# What needs to be done:
Omitting all images, give the entries that follow again exactly as they read.

# Record set:
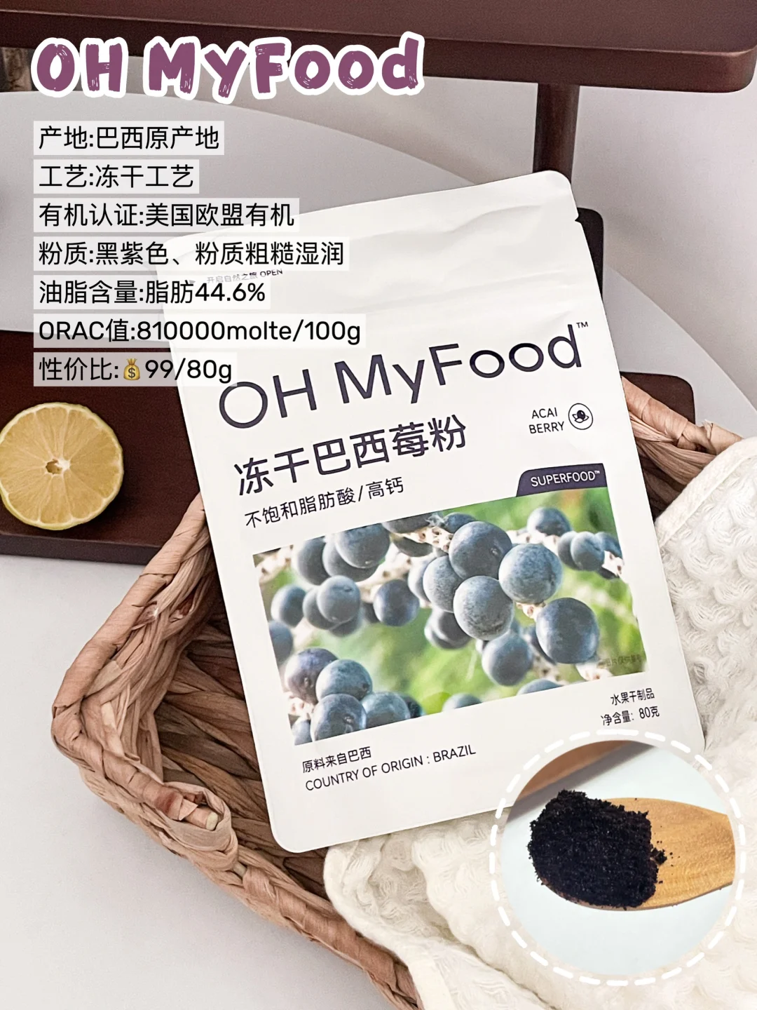 市面上的热门巴西莓粉有冻干工艺、RWD工艺、高温喷雾工艺,冻干工艺是保留性相对更佳,营养物质留存更全面,没写工艺的求你们都别入手
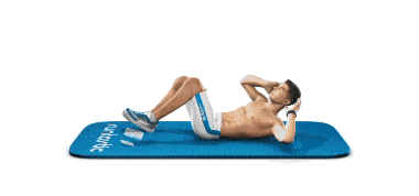 动作过程:起身时下背部用力贴紧地面,挤压腹肌,在最高点稍作停留后还原,双腿处于放松状态。
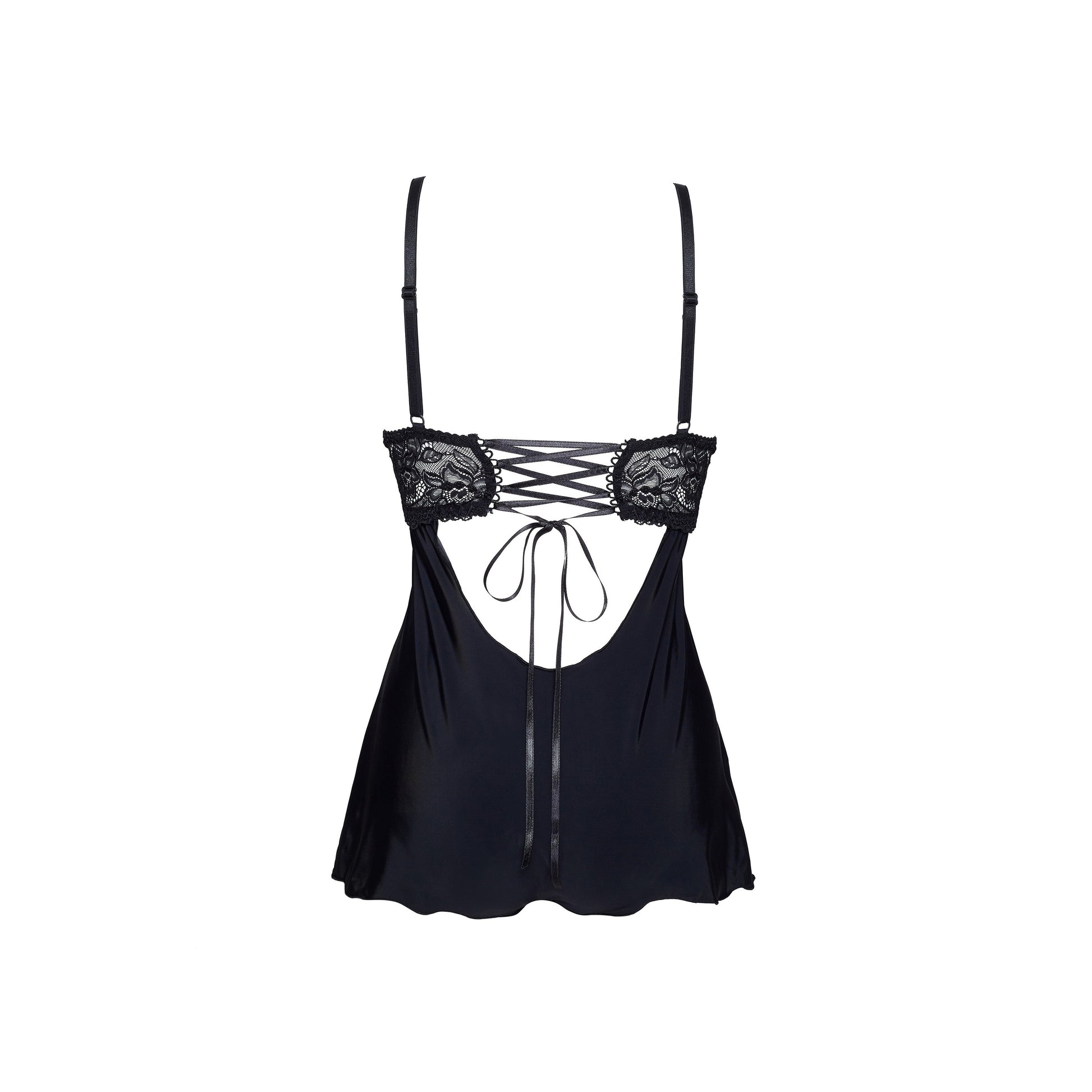 Exclusive but also extremely sexy and sensual teddy made from beautiful, black lace and soft material in the same color. The lace on the bust shows it nicely. Adjustable straps, lacing at the back and hooks in the crotch.
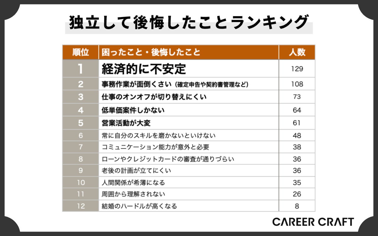 フリーランスになろうか悩んでいる人が最も気になる「独立して後悔したことランキング」。
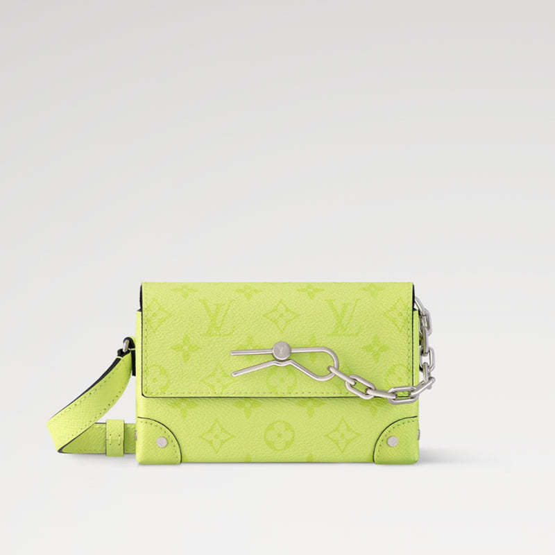 • メゾンのアイコニックな「スティーマー・トランク」から着想を得た「スティーマー・ウェアラブル ウォレット」。色鮮やかなモノグラム・キャンバスとタイガ・レザーを使用し、一目でメゾンの個性が見て取れるチェーン & ピンの留め具をあしらいました。毎日の必需品を持ち運ぶのにぴったりなサイズで、ファスナー式ポケット付きの内装が魅力。調節可能なストラップでショルダーバッグやクロスボディバッグとして快適に使用できます。

# Exercise response:
 市面上的热门巴西莓粉有冻干工艺、RWD工艺、高温喷雾工艺,冻干工艺是保留性相对更佳,营养物质留存更全面,没写工艺的求你们都别入手
 动作过程:起身时下背部用力贴紧地面,挤压腹肌,在最高点稍作停留后还原,双腿处于放松状态。
 Exclusive but also extremely sexy and sensual teddy made from beautiful, black lace and soft material in the same color. The lace on the bust shows it nicely. Adjustable straps, lacing at the back and hooks in the crotch.
 フリーランスになろうか悩んでいる人が最も気になる「独立して後悔したことランキング」。
 • メゾンのアイコニックな「スティーマー・トランク」から着想を得た「スティーマー・ウェアラブル ウォレット」。色鮮やかなモノグラム・キャンバスとタイガ・レザーを使用し、一目でメゾンの個性が見て取れるチェーン & ピンの留め具をあしらいました。毎日の必需品を持ち運ぶのにぴったりなサイズで、ファスナー式ポケット付きの内装が魅力。調節可能なストラップでショルダーバッグやクロスボディバッグとして快適に使用できます。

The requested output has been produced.